Over in the world of animated cartoons, Supergirl's problems were a lot simpler: a bad day for her on Justice League Unlimited would involve fighting an evil double or dealing with a catty colleague. But she still had the problem every version of Supergirl runs into sooner or later - being compared to her cousin. In one of the last JLU episodes, she and a few other Leaguers meet up with the Legion of Super-Heroes in the 3oth Century - and Kara decided to stay, since the far-flung future felt more like home to her, and there was no Superman here to be compared to.

Well, no living Superman, anyway. Just a thousand-year-old legend that was probably even more perfect than the actual Superman. Might not have thought that one all the way through, Kara.

Still, she also stayed because of her budding attraction to the Legion's Brainiac 5, and while B5 was another descendant of a maniacal supervillain like Lex Luthor II, he was neither secretly that same villain in a cloned body nor secretly a woman nor secretly a demon nor secretly Superman ready to tell us about Kryptonian incest loopholes, so by Supergirl standards, this qualifies as a solid life choice.

The time she was just Jimmy Olsen's imagination

The difficulty DC Comics creators had with the whole Supergirl concept was there right from the start.
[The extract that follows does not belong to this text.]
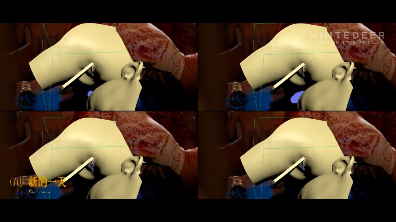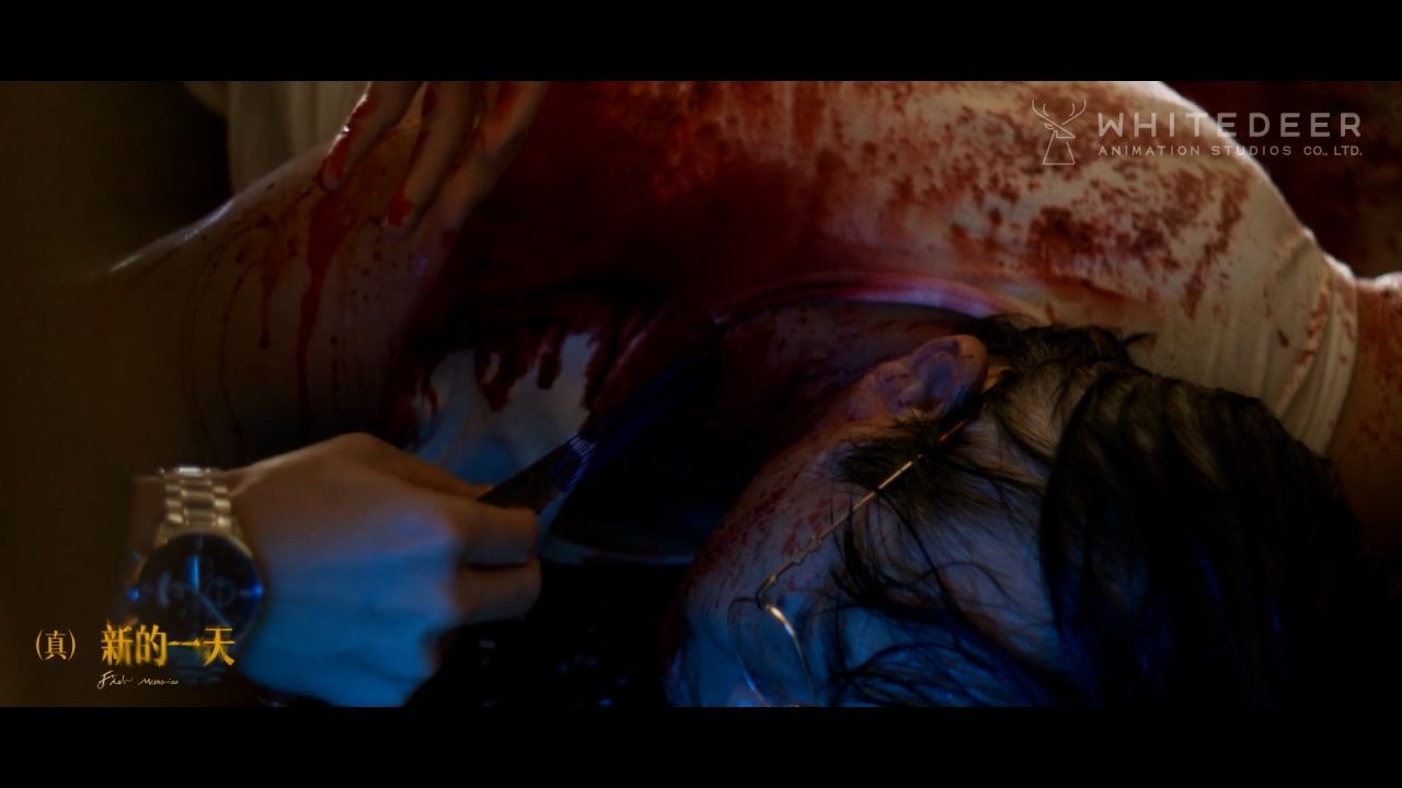 白鹿動畫共同創辦人鄭詠倫舉電影《(真)新的一天》為例,介紹動畫與視效如何輔助電影製作血腥畫面,好比玻璃碎片從肉體取出,為了讓視覺更寫實,特別細膩製作玻璃與皮膚拉扯的動態,以及玻璃正式取出後皮肉收縮的模樣,接著血從皮肉中外溢而出。另外,電影角色跳樓的場景,透過 CG 設計血流出的形狀,以及衣服唯美飄落各種姿態、雨落下受到不同風力吹拂的各種展示,這些隱身在寫實畫面中的動畫與視效,都是團隊與劇組大量討論下,藝術與寫實的完美權衡。

Even though her debut would kick off thousands of fan letters and there had been other successful "female version" characters, they were still hemming and hawing in 1958, one year before Supergirl actually debuted. So they decided on a test run.

In Superman #123, Jimmy Olsen got a hold of a totem that granted wishes, and much like Kara would years later, decided that his best pal needed a little matchmaking. So he wished a "Super-Girl" into existence, no relation to Superman, who could serve him as both a crimefighting and a romantic partner. The two mostly got in each other's way, but Super-Girl did save Superman from a Kryptonite trap.

On the other hand, she was pretty overconfident about her own ability to withstand K-radiation: it seemed she was slower to succumb to it, but, unlike Superman, couldn't just shake it off after getting away from the Kryptonite itself. Jimmy ended up having to mercy-wish her back out of existence, rather than watch her die a painful death from radiation poisoning.

But no worries! This was one of Superman's "imaginary stories," so it wasn't even as "real" as an in-canon Superman story. That version of Super-Girl was, like, triple imaginary. Just ignore her screams!

Conclusion

When they introduced comic book shows like Gotham, The Flash, and Arrow, lots of people were hoping they would stay true to the comics. So far, Supergirl is more or less blazing its own trail, and looking back at her history... that might be for the best.